Em 10 de março de 2010, quinta-feira, ao se imiscuir, mais uma vez, na esfera administrativa dos quartéis, julgando indigno ao oficialato o Tenente Coronel do Exército Osvaldo Brandão Sayd, por ter se relacionado intimamente com outro militar do mesmo sexo, aquela instituição sepultou de vez qualquer sombra de dúvidas a respeito de sua má-atuação e postura antidemocrática.
Julgar mérito levando-se em consideração um relacionamento íntimo que um cidadão mantém para com outrem, enseja em estapafúrdia e estarrecedora deturpada maneira de se conduzir uma Corte. A intimidade das pessoas deveria ser – assim como dispõem as clausuras pétreas constitucionais, algo a salvo de quem quer que seja incluindo-se ai o Estado, e, a Justiça Militar por conseqüência.
Os tratados internacionais do qual nosso país é signatário põem a salvo a dignidade, no entanto, o Brasil, lamentavelmente, ainda, dispõe de um tipo de Poder, entranhado na estrutura do Judiciário nacional, cujo caráter opressor deixa transcender constrangedora violação dos direitos da humanidade.
Apesar de não haver vedação explícita para que homossexuais, e ou, bissexuais, ingressem na carreira militar, há uma espúria conduta interna para que os profissionais das armadas sejam diferenciados e expurgados quando identificadas suas relações interpessoais. O mérito de quem quer defender nosso país deveria residir na capacidade profissional, na probidade administrativa e na condução de sua rotina interna íntegra, pautada em princípios éticos de compreensão do que significa o serviço a defesa da nação e, nunca, em questões afetas as relações pessoais.
Na Justiça Militar, cuja composição majoritária é formada por Generais oriundos das forças belicistas nacionais, é comum o apadrinhamento dos Comandos, contaminados por uma postura antidemocrática. Essa estrutura viciada faz parte de um esquema cultural arraigado por um conceito doentio e deturpado de método falho no gerenciamento do bem público maior – seu recurso humano – o Soldado.
A orientação na caserna para que os homossexuais sejam mau tratados, contamina diuturnamente as decisões da Corte castrense, e faz parte da rotina de condenações sob as bênçãos do Ministério Público Militar, fazendo da vida de um cidadão um verdadeiro inferno. Não foi a toa que o Presidente do STM foi a público defender um dos Generais que sequer fazia parte da composição da corte, taxando de “corrente fala interna” uma atitude preconceituosa, legitimando a comumente exortação e apologia aos crimes de ódio dentro das instituições militares. Desta feita, resta ao cidadão condenado, por ser homossexual nas Forças Armadas, a evidente percepção de que seu país valora mais o que é feito da vida particular dos Soldados do que seu comprometimento com o esmero profissional.
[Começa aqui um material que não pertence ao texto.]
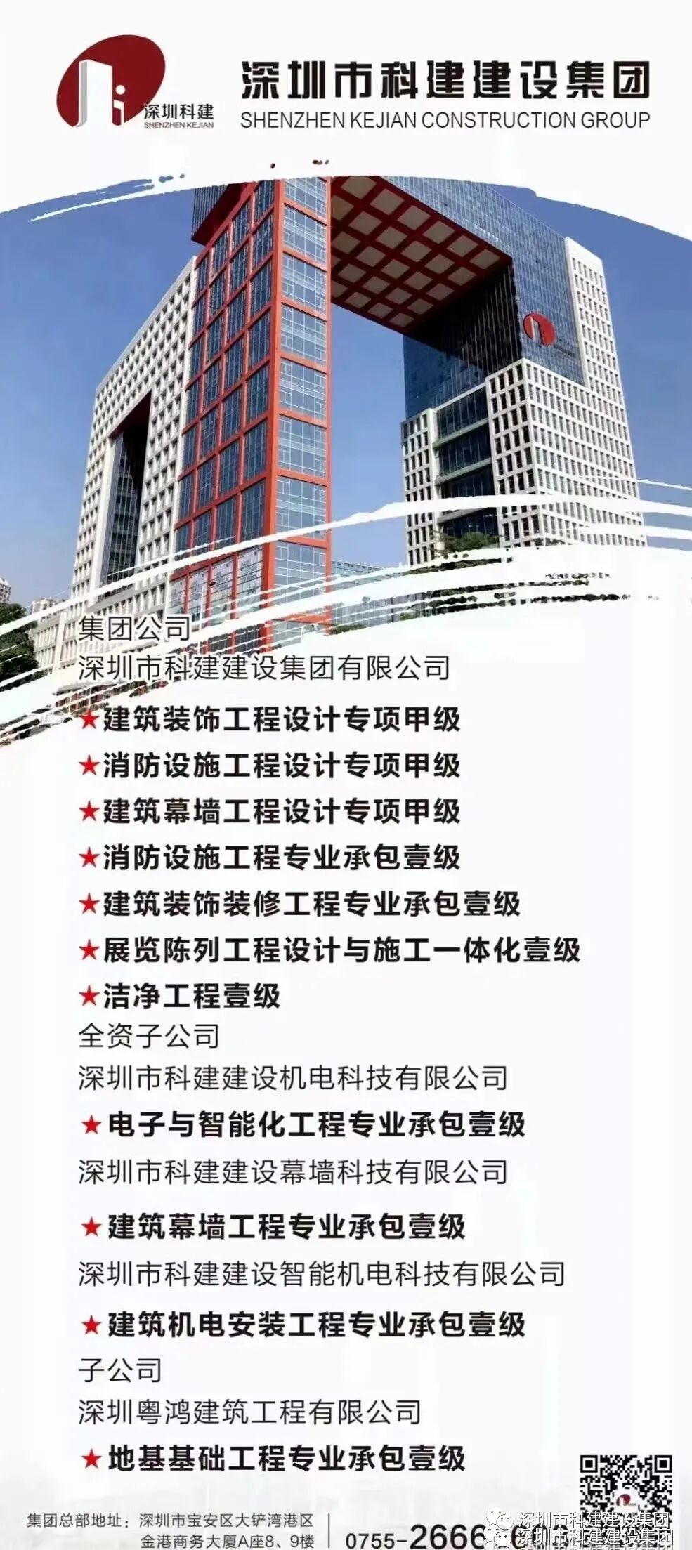 图为精英宣誓深圳市科建建设集团成立于2002年2月,集团母公司为深圳市科建建设集团有限公司,拥有装饰设计甲级、消防设计甲级、幕墙设计甲级、消防设施一级、装饰装修一级、展览陈列与施工一级、洁净工程一级资质等。集团子公司有深圳市科建建设机电科技有限公司,拥有电子与智能化一级资质。深圳市科建建设幕墙科技有限公司,拥有建筑幕墙一级资质。深圳市科建建设智能机电科技有限公司,拥有建筑机电一级资质。科建建设集团一直在行业内精耕细作,提供各种专业的工程服务帮助、综合解决方案及承建管理服务。我们始终以“做有社会责任感的工程公司”为己任,视服务质量为生命,打造优质、高效、廉洁工程,把政府放心、公众满意作为我们孜孜不懈的追求。

O recente episódio em se referendar o nome de dois militares preconceituosos para assumir posto de Juiz na mais alta corte castrense representa um verdadeiro “tiro” na democracia, e, sobretudo, grande desrespeito a dignidade humana. Sabiamente a Carta que rege a magistratura consorte aos princípios constitucionais resume ser defeso ao cargo de Juiz quem demonstre “discriminação injusta ou arbitrária de qualquer pessoa ou instituição”, e, que tal atitude ensejaria, ai sim, na “indignidade” para o cargo de Pretor.
Fatos como o mencionado expõem cada vez mais o país a um crescente descrédito perante a comunidade internacional. Como explicar que uma nação que se apresenta como protetora dos princípios de respeito à dignidade da humanidade pode manter relações de explícita amizade com déspotas ditadores? Como uma nação que se diz afastar de um modelo de Estado policialesco ao mesmo tempo cria regras para que seu Exército, Marinha e Aeronáutica, tenham poderes de polícia, podendo inclusive, dar voz de prisão a qualquer hora, a qualquer cidadão comum, ampliando desta feita a vulnerabilidade da população civil, expondo-a a toda sorte de arbitrariedade e abuso de autoridade? Difícil, senão quase impossível se dar crédito a um país como este.
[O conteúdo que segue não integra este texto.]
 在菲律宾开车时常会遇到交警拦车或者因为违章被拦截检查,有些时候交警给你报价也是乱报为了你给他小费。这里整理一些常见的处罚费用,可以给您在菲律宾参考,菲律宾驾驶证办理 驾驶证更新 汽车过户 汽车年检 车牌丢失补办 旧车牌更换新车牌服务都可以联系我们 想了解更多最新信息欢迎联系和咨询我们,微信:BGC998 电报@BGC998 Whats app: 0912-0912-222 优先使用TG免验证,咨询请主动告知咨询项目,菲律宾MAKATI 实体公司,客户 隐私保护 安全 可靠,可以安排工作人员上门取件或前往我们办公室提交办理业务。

O que se vê é a ampliação da atuação da justiça castrense à medida que se tornarão comuns e duvidosos os casos de desacato a autoridades policiais - conseqüência do maior poder de prisão de forma indiscriminada. Um ciclo vicioso e comprometido com o desrespeito ao ser humano.
Portanto, a atitude em expurgar um militar das fileiras do Exército por razões que fogem a competência do poder decisório do Judiciário - decisão a margem da Carta Cidadã de 1988, jamais poderá ser vislumbrada de per si - de forma isolada, mais contextualizada, como tem e merece ser vista, posto que denota retrocesso ao Estado Democrático de Direito e uma vergonha nacional a medida que afasta o povo de seu objetivo maior: liberdade, justiça e dignidade humana.